Et voilà. Enfin, déjà. Signalis bouclé en un peu plus de douze petites heures, soit la durée standard d'un Survival Horror de la belle époque.
...ce qu'il est et revendique d'être, du reste, avec son esthétique PS1 maîtrisée (à la croisée des chemins - jumeaux - entre Blame! et Knights of Sydonia), son inventaire limité jusqu'à l'intransigeance (savoir correctement gérer ces six petits slots vite remplis fait partie intégrante de l'expérience, et poussera votre patience dans ses plus intimes retranchements), ses munitions et soins limités, son absence d'autosave, sa caméra fixe, ses énigmes qui ne vous prennent pas par la main (mais n'attendent pas non plus de vous que vous sortiez major de votre promo à Polytechnique - même si ceux qui accèderont à la fin bonus sans recourir à une soluce pourront être engagés d'office à la sécurité intérieure), et même ses déplacements qu'il est possible de paramétrer "à l'ancienne" (ce qui est déconseillé sur console, toutefois).
Ne manquent que les changements d'angle de caméras pour vraiment rendre l'effroi palpable et taper sur les nerfs ; et c'est peut-être le seul point (accessoire, pourtant, ici) qui sépare ce titre inattendu du chef d'oeuvre à contretemps.
Entre ses lignes de code, on retrouve du Resident Evil et du Silent Hill premiers du nom dans les sensations de jeu, ou l'ambiance sonore, mais méticuleusement transposé dans un univers dystopique oscillant entre hard SF et cyberpunk, porté par un récit cryptique dans la plus pure tradition du genre. Complexe, riche, fascinant, parfaitement équilibré puisqu'il livre ses grandes lignes sans trop d'efforts, mais vous remuera longuement les méninges si vous essayez de remettre les détails dans le bon ordre, si tant est qu'il y en ait un.
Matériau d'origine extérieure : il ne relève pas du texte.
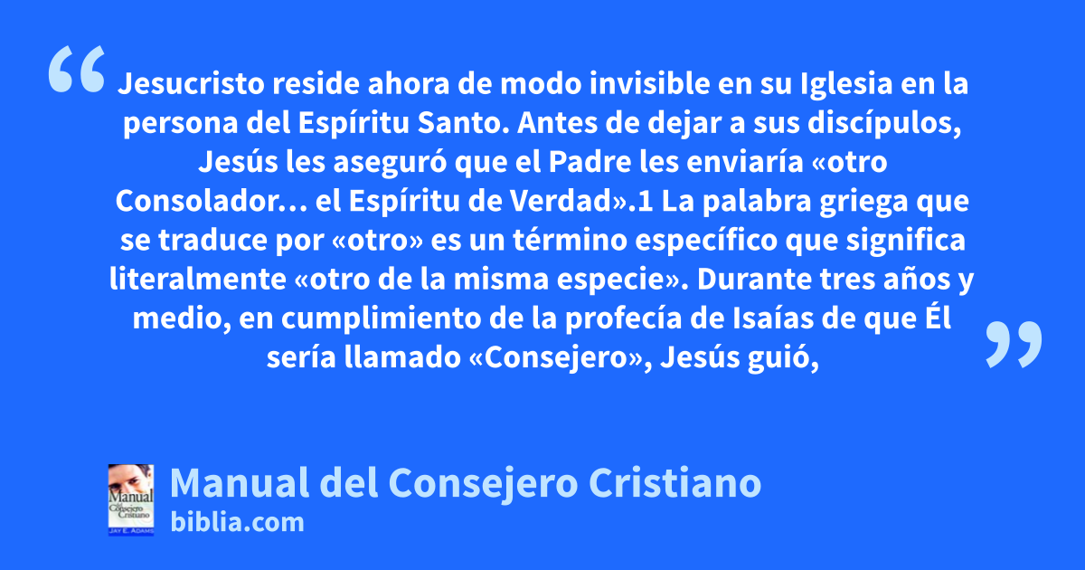 Jesucristo reside ahora de modo invisible en su Iglesia en la persona del Espíritu Santo. Antes de dejar a sus discípulos, Jesús les aseguró que el Padre les enviaría «otro Consolador… el Espíritu de Verdad».1 La palabra griega que se traduce por «otro» es un término específico que significa literalmente «otro de la misma especie». Durante tres años y medio, en cumplimiento de la profecía de Isaías de que Él sería llamado «Consejero», Jesús guió,
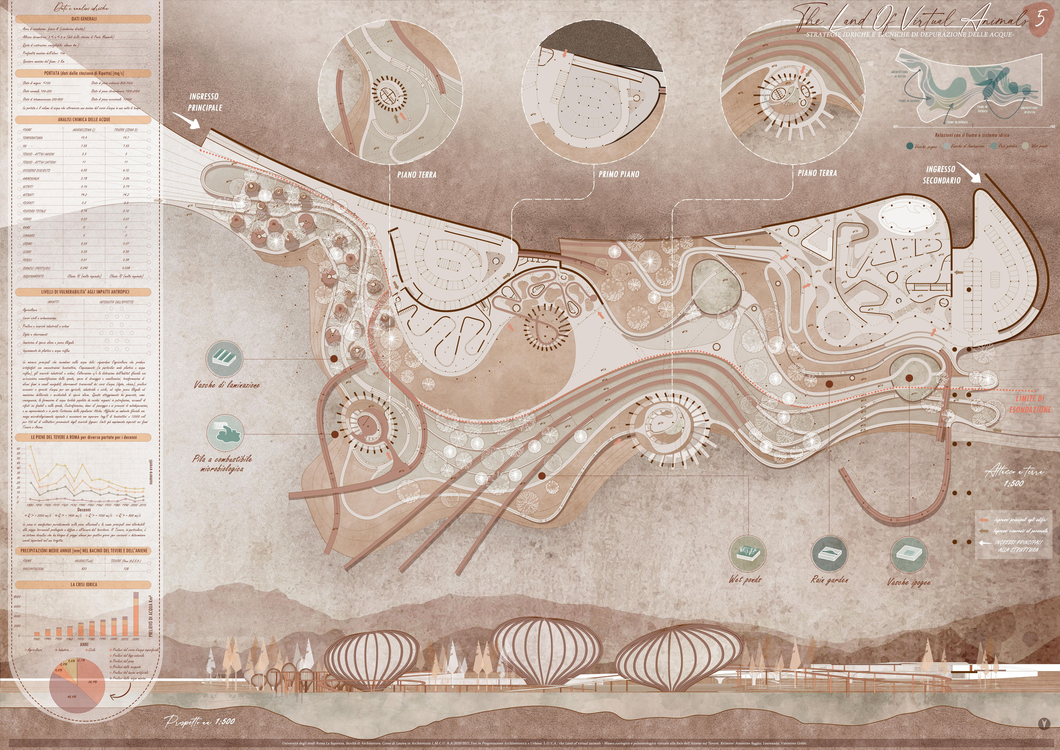 Il progetto è situato alla foce dell’Aniene sul Tevere ed ha come duplice scopo la riqualificazione architettonica ed urbana del primo tratto del fiume Aniene attraverso la realizzazione di un’infrastruttura slow ecosostenibile lungo la quale si collocano una serie di micro-installazioni. Ogni micro-installazione ospiterà diversi giochi ed attività alle quali l’utente potrà accedere con pagamenti in eco-monete ottenute attraverso baratto con attività sociali proattive e produttive. Gli ecoin vengono poi utilizzati come seconda modalità di accesso allo zoo ologrammatico e come ricompensa del superamento di alcune missioni da affrontare per potere accedere ai singoli edifici nell’area di progettazione.
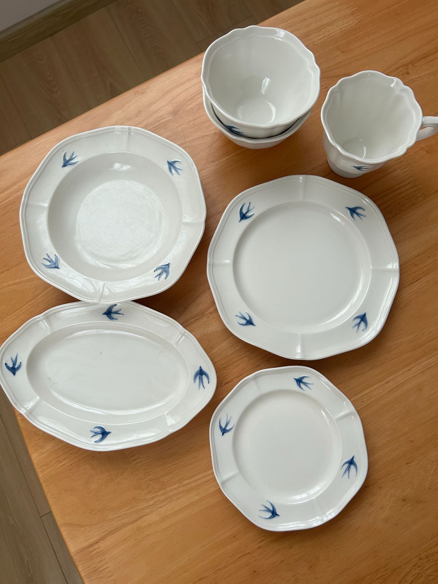 Глубокая посуда Ласточка 72 шт. в коробке; Тарелка овальная Ласточка 80 штук в коробке; 120 мисок в коробке; 60 чашек в коробке; Ласточкины диски 90 штук в коробке; 6inch диска «Ласточка», 120 штук в коробке.

Un vaisseau spatial à l'abandon, un réveil abrupt, une planète hostile, une station souterraine abandonnée, le Roi en Jaune... le décor est vite planté. A peine la manette en main qu'on ne peut plus la lâcher.
Six (ou huit ?) ans de travail ont été nécessaires aux deux (!) développeurs allemands pour mener leur projet à bien, mais "totally worth it", comme disaient les jeunes devenus vieux depuis : quel sacré foutu boulot, quelle passion, quelle efficacité, quelle générosité, quel accomplissement !
Le public éclairé y trouvera également des références directes, scénaristiques ou visuelles, à Lovecraft, Ghost in the Shell, Bakemonogatari, Akira, Evangelion, Silent Hill (toujours), Echo Night Beyond, le Triangle de Christopher Smith... sans que celles-ci ne viennent parasiter le tout à la façon d'un Ready Player One, ni ne privent l'aventure de son identité.
Et si ses premiers temps paraissent presque trop accessibles, trop gamer friendly (même s'ils sont paradoxalement les seuls à distiller un commencement de peur, la faute à cette caméra en vue de dessus antidramatique), l'intensité grimpe crescendo et transforme le dernier chapitre en un monument de tension nerveuse, alors que les ennemis se multiplient et que les munitions se raréfient, de même que les capsules de soin, transformant ce finale en baroud d'honneur dont on ressort éreinté, libéré, voire fier, et par lequel le jeu tient (à l'instar de son héroïne, avec de la chance) sa belle et inaliénable Promesse.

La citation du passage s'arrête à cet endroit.